11Von Tränen sind meine Augen ganz blind,
es brennt und tobt in meinen Eingeweiden,
Schmerz und Verzweiflung brechen aus mir heraus;
denn ich sah, wie mein Volk zugrunde ging.
Kinder und Säuglinge sah ich verschmachten,
draußen auf den Straßen der Stadt.
12Gequält von Hunger und Durst
schrien sie laut nach ihren Müttern.
Wie Verwundete brachen sie zusammen,
draußen auf den Straßen der Stadt,
und in den Armen ihrer Mütter
taten sie den letzten Atemzug.
13Jerusalem, du geliebte Stadt,
ich weiß nicht, was ich dir sagen soll!
Mit welchem Schicksal soll ich deins vergleichen,
um dich zu trösten, du Jungfrau Zion!
Dein Schaden ist unermesslich wie das Meer!
Kann dich noch jemand heilen?
14Was deine Propheten dir als Zukunft ankündigten,
waren nur schöne, bunte Träume.
Deine Schuld haben sie nicht aufgedeckt,
sonst hätten sie noch alles zum Guten wenden können.
Mit ihren leeren Prophetensprüchen
haben sie dich betrogen und verführt.
15Alle, die an dir vorüberkommen,
klatschen schadenfroh in die Hände.
Sie spotten und schütteln ihre Köpfe
über die Trümmer Jerusalems:
»Ist das die Stadt, die viel gerühmte,
die Krone der Schönheit, die Freude der Welt?«
16Deine Feinde überschütteten dich mit Hohn,
weit rissen sie ihre Mäuler auf,
sie zischten und zeigten dir drohend die Zähne.

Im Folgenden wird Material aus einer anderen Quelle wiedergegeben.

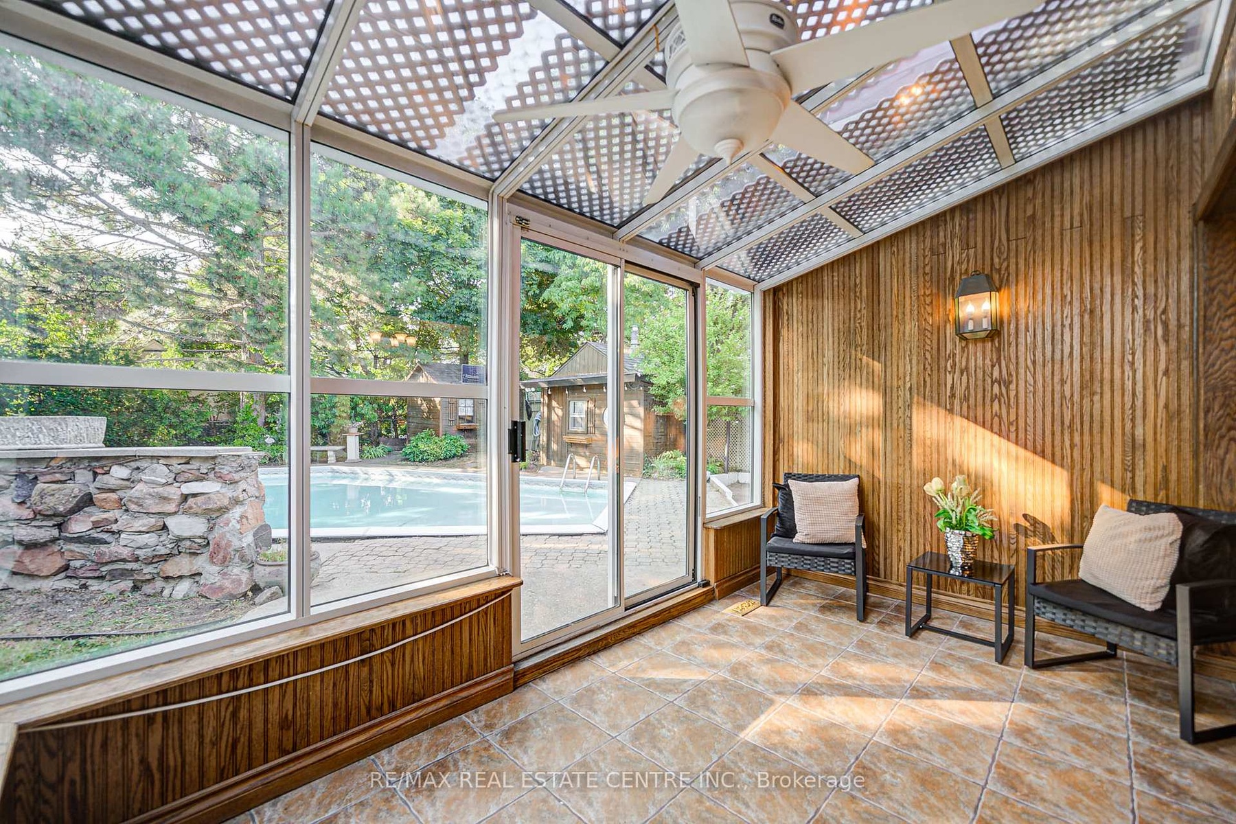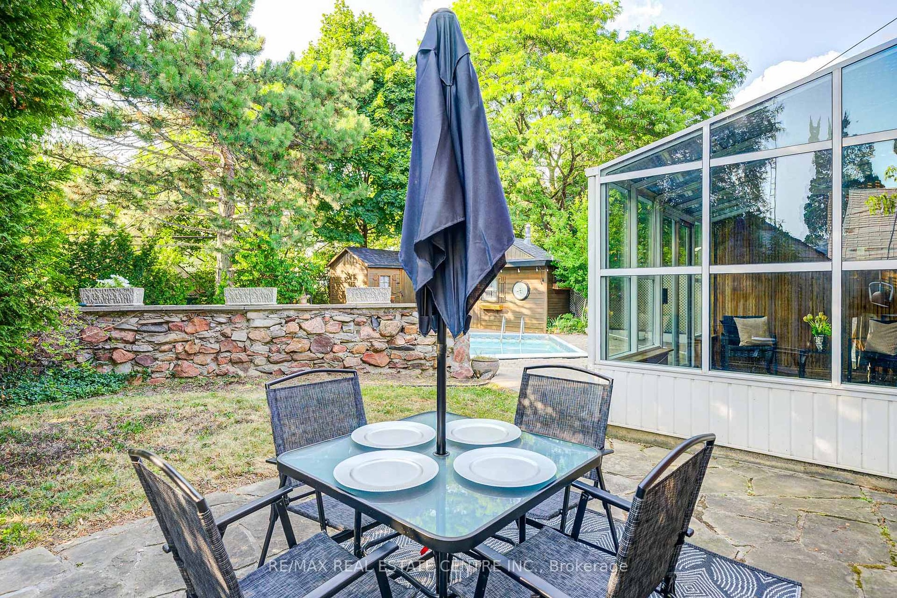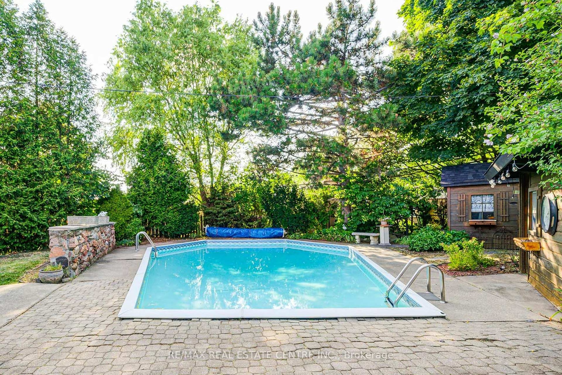 Escape to your private backyard oasis in this beautifully updated 3-bedroom detached home, featuring an in-ground swimming pool, pool house/change room, large shed and landscaped grounds with multiple seating areas and awnings for shade-perfect for entertaining or relaxing outdoors. Inside, enjoy a spacious sunroom with pool views, an updated kitchen with new quartz countertops and a breakfast bar and recently renovated main and upper-level bathrooms with quartz vanities. Additional highlights include separate living and family rooms, a cozy fireplace, dining area, pot lights, hardwood floors, multiple walkouts to the yard and a natural gas connection for your BBQ. The finished lower level offers a recreation room, 3-piece washroom, laundry area, and extra storage, while the garage is partially converted to a storage area. Situated near downtown Brampton and all amenities nearby, this home has tons of character and combines modern updates with exceptional outdoor living. Driveway parking only.

»Die haben wir erledigt!«, sagten sie.
»Endlich ist der Tag gekommen,
auf den wir so lange gewartet haben!«
17Der Herr hat seine Pläne ausgeführt,
er hat seine Drohungen wahr gemacht.
Seit Langem hatte er es angekündigt,
nun hat er dich schonungslos zertrümmert.
Er ließ die Macht der Feinde triumphieren,
sie durften sich über dein Unglück freuen.
18Jerusalem, lass deine Mauern schreien,
sie sollen zum Herrn um Erbarmen rufen!
Lass deine Tränen fließen wie Bäche,
unaufhörlich, bei Tag und bei Nacht!
Gönne dir keine Ruhepause,
lass deine Augen nicht trocken werden!
19Steh immer wieder auf in der Nacht
und bring deine Klage vor den Herrn!
Geh und suche seine Nähe,
schütte dein ganzes Herz bei ihm aus!
Streck ihm deine Hände entgegen;
flehe ihn an für deine Kinder,
die vor Hunger zusammenbrechen,
draußen an allen Straßenecken!
20»Sieh doch, Herr, schau her zu mir!
Bedenke, wem du das alles antust!
Sollten Mütter ihre Kinder essen,
die Kleinen, die sie auf Händen trugen?
Durfte man Priester und Propheten töten,
sogar in deinem Heiligtum?
21Hingestreckt in den Staub der Gassen
liegen Kinder und alte Leute;
meine Mädchen und jungen Männer
sind dem Schwert zum Opfer gefallen.
Am Tag, an dem dein Zorn mich traf,
hast du sie mitleidslos hingeschlachtet.
22Alle Schrecken, die mich überfielen,
riefst du wie zu einem Fest zusammen.
An jenem Tag, Herr, als dein Zorn losbrach,
blieb niemand verschont, ist keiner entkommen.